Key Facts about A Painful Case
  • Full Title: A Painful Case
  • When Written: 1905
  • Where Written: Trieste, Italy
  • When Published: 1914
  • Literary Period: Modernism
  • Genre: Short Story
  • Setting: Dublin, Ireland
  • Climax: Mr. Duffy learns of Mrs. Sinico’s death and realizes that he is utterly alone.
  • Antagonist: Mrs. Sinico
  • Point of View: Third Person

Extra Credit for A Painful Case

Far from Home. Joyce lived in self-imposed exile from Ireland, residing in Italy, France, and Switzerland for most of his life.

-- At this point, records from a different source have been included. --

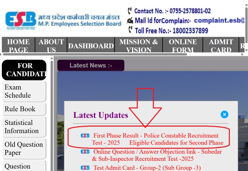 Sarkari Result Live Update- MP Police First Phase Result 2025 has been declared by MP ESB on 25.02.2026 at its official website. Enter Application No. and Date of Birth to check marks and Score Card.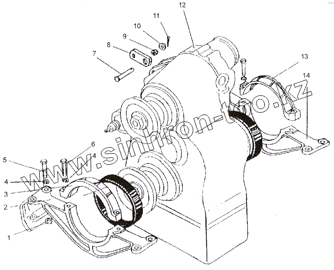 Каталог запасных частей к технике: МЗКТ-74171. Установка раздаточной коробки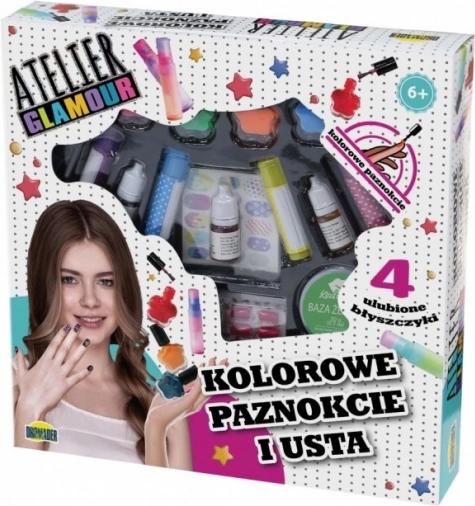 Dieses Make-up-Set von Atelier Glamour bietet eine Palette von farbenfrohen Nagellacken und Lippenstiften, mit denen Sie Ihre Kreativität und Persönlichkeit ausdrücken können. Ideal für den täglichen Gebrauch oder besondere Anlässe, bei denen Sie strahlen möchten.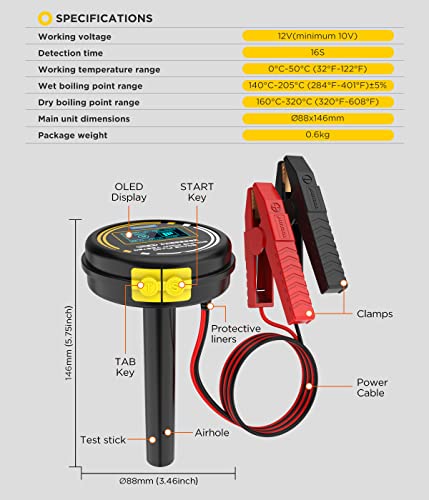 【Funzioni pratiche】 Il liquido dei freni assorbe l'umidità dall'aria e ne abbassa il punto di ebollizione. Il liquido con un punto di ebollizione più basso assorbe il calore più facilmente, bollendo e generando vapore. Il vapore bollente influenzerà la trasmissione del passaggio della pressione del fluido e causerà il guasto del freno. Quindi il rilevamento del punto di ebollizione del liquido dei freni può giudicare la qualità del liquido dei freni.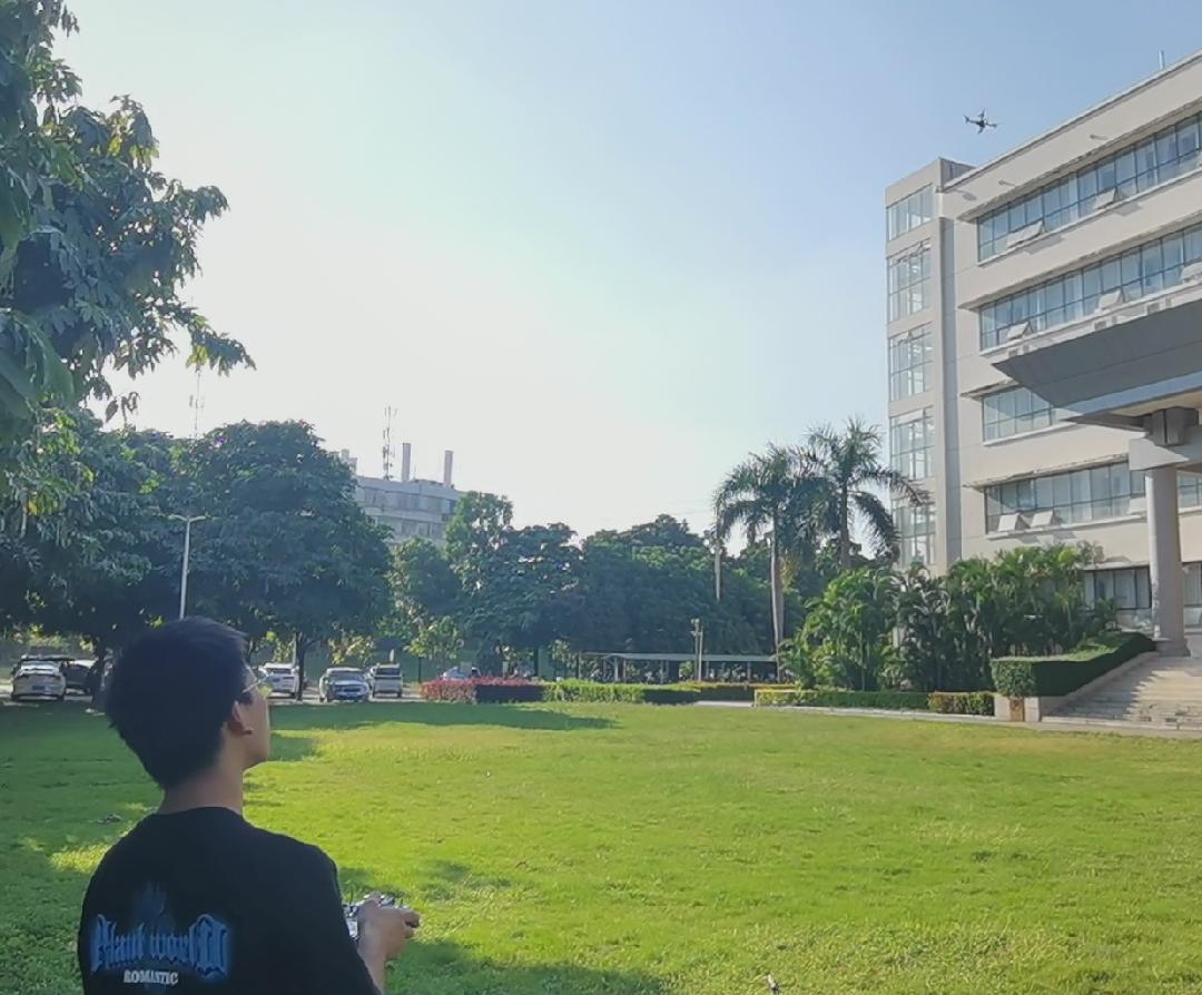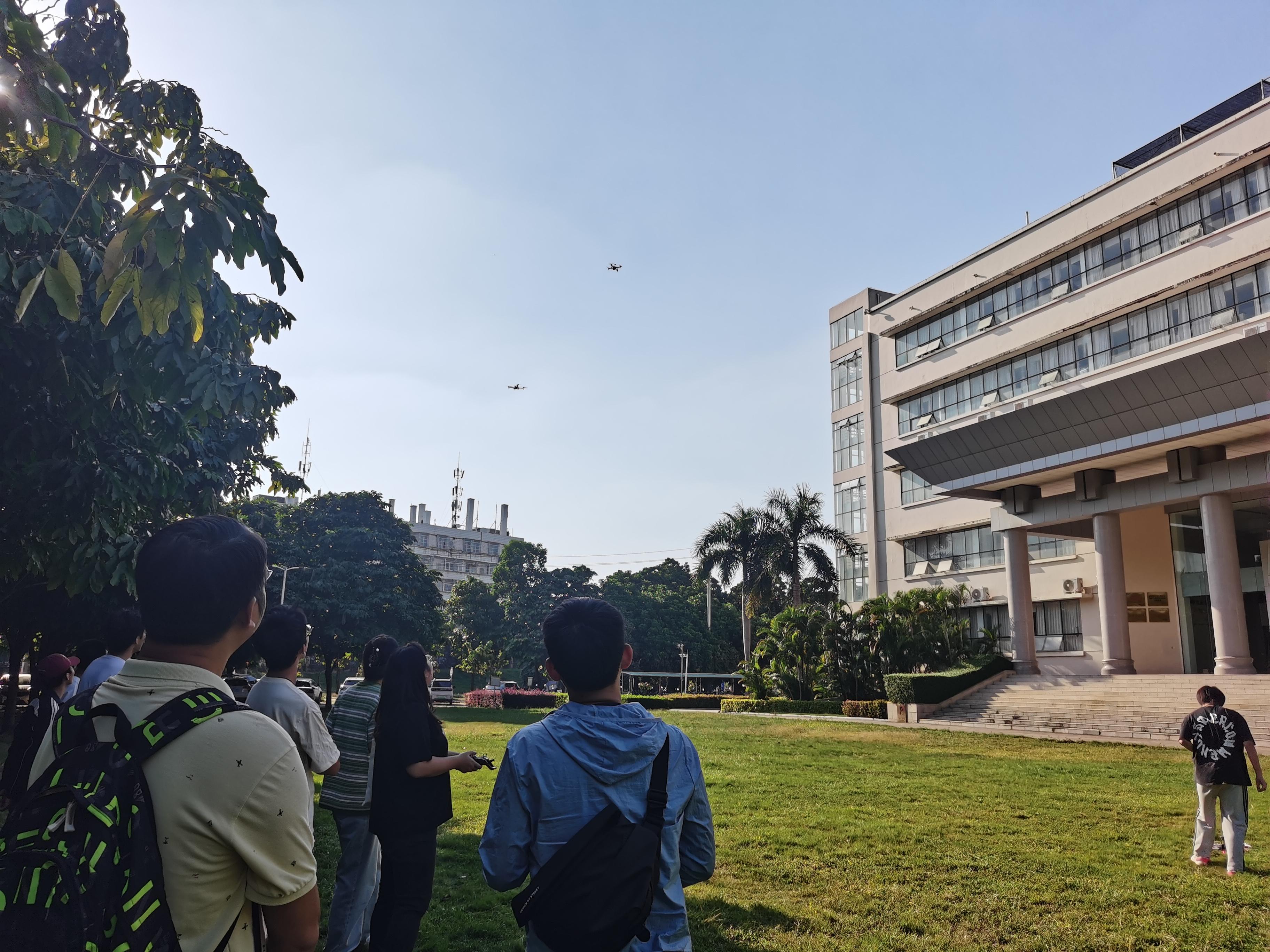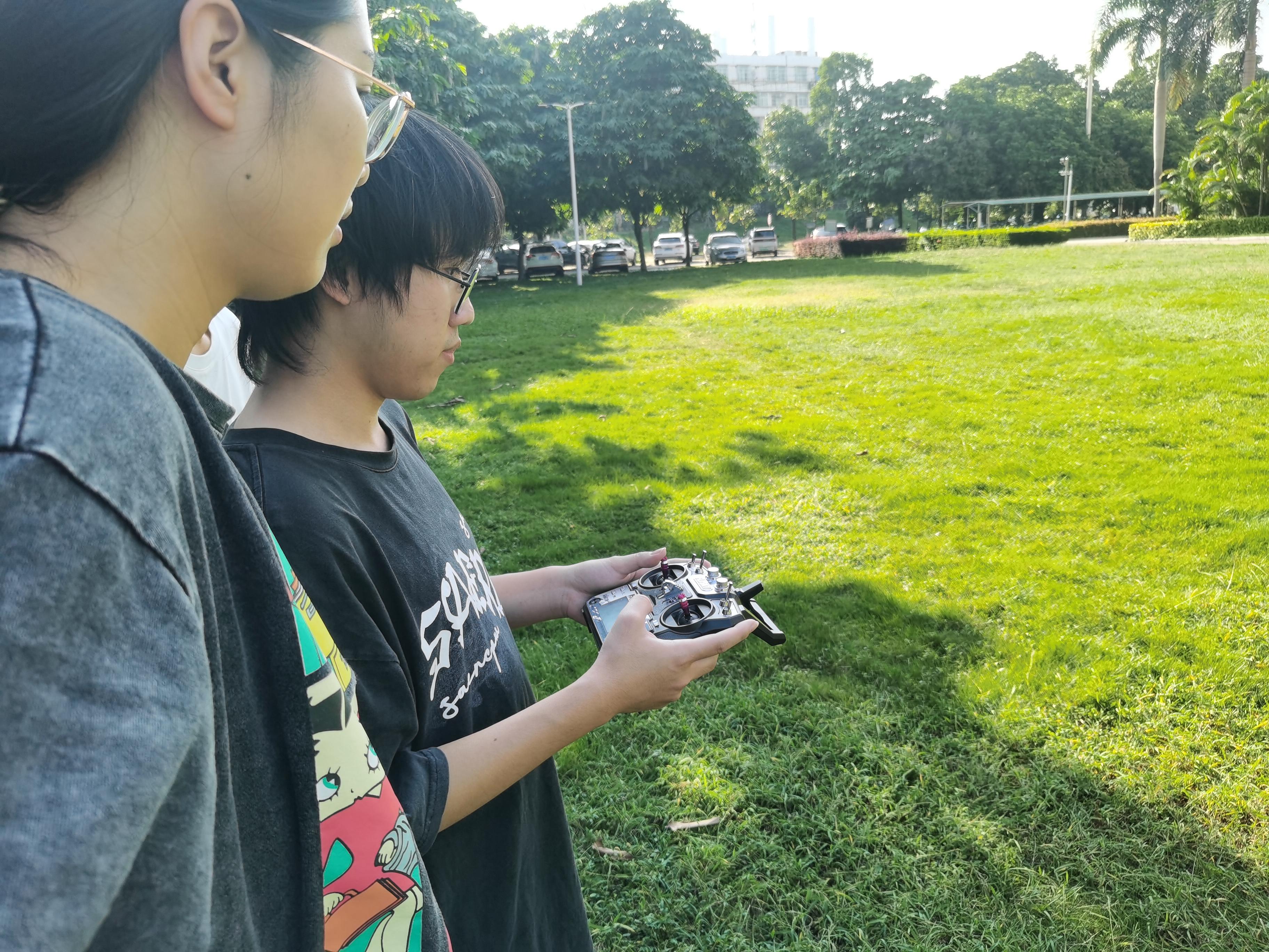 在试飞前,由林学211班甘多向参加活动的成员讲解了无人机的基本操作和安全注意事项。随后,成员们分成小组,苏凯老师作为无人机兴趣小组的指导老师,带领小组成员仔细检查无人机的各个部件,确保它们完好无损。在小组成员和老师的努力下,无人机缓缓升空,成员们通过遥控器上的遥感尝试着各种动作。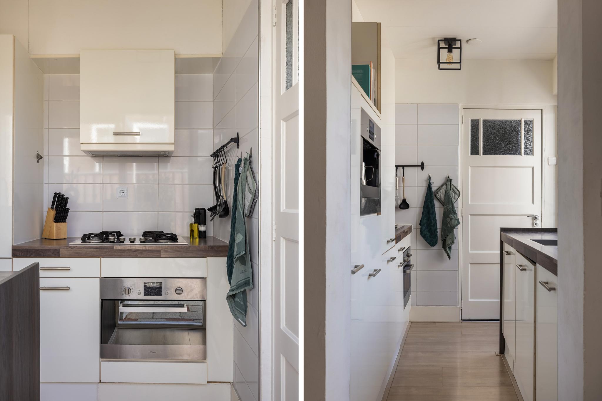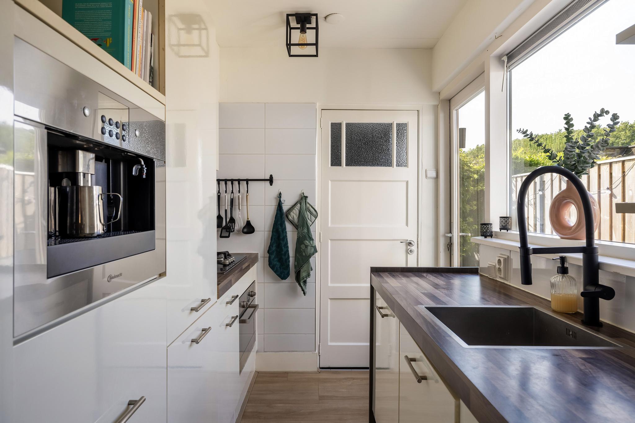 Moderne keuken in dubbele wandopstelling, voorzien van een 4 pit gaskookplaat, afzuigkap, koelkast, vriezer, combi-oven, vaatwasser en een praktische apothekerskast. Via de keuken is de badkamer aan achterzijde begaanbaar. Daarnaast is de tuin begaanbaar vanuit de keuken.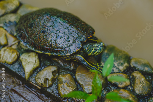 © Alejandro, Obraz premium Tortuga en la orilla del agua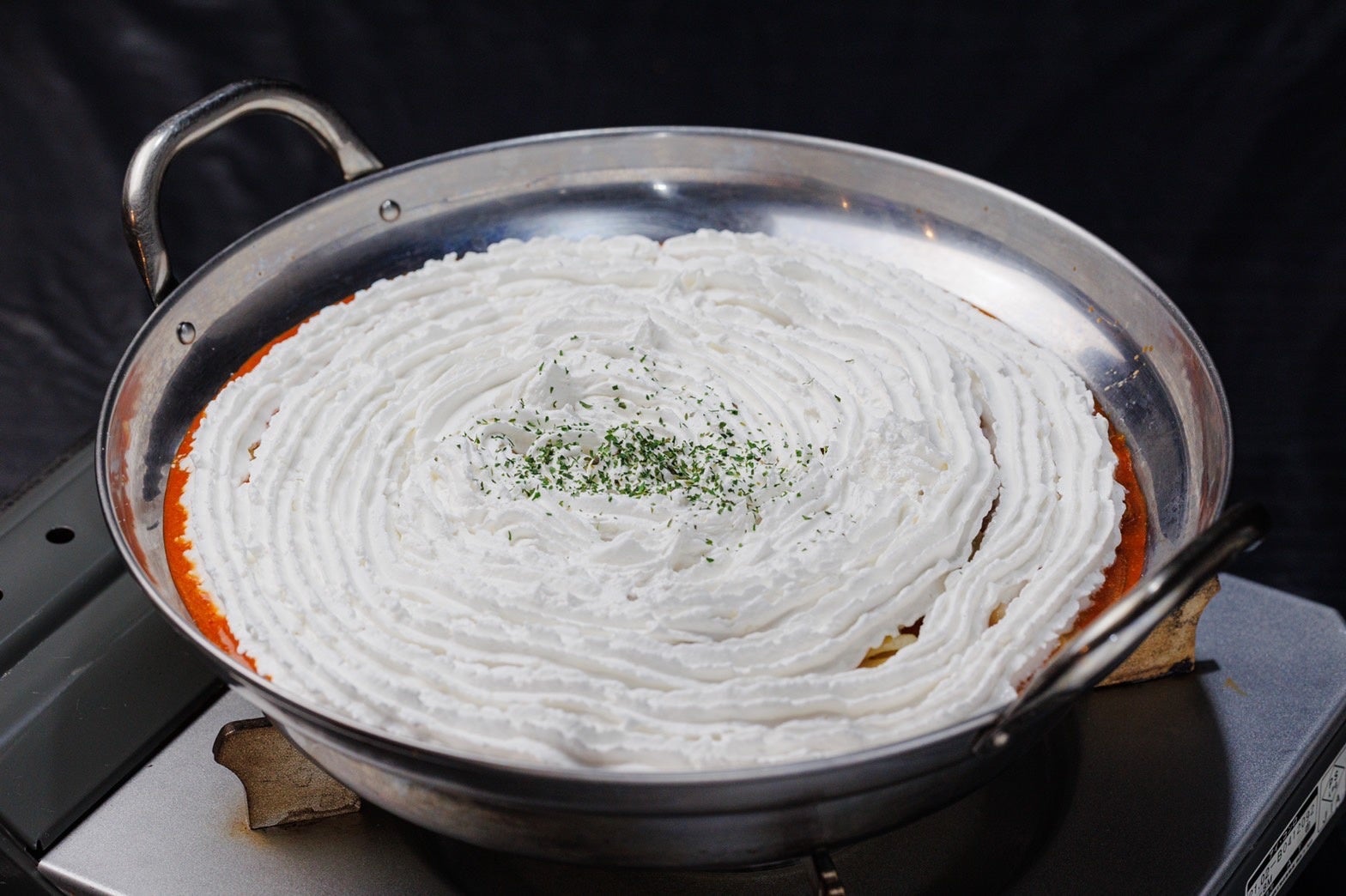 まにぽぽの『ロゼトッポギ』は、辛みを利かせたトマトベースのトッポギの上に、生クリームを渦巻き状にかけて提供いたします。生クリームがソースの辛さを和らげ、クリーミーで濃厚なコクの中にマイルドな辛さを感じる一品です。ソースの中にはモチモチ食感のトッポギやソーセージなど具だくさん。

However, all his writings are set in Ireland, and many of his characters are similar to friends, family members and acquaintances he knew there.

Bloody Compromise. Dubliners was notoriously difficult to get published. Begun in 1905, it was not published in full until 1914, including stories written in the interim. Joyce submitted the book to 15 different publishers and had to promise to revise parts of it (including removing the word “bloody,” regarded by one publisher as obscene).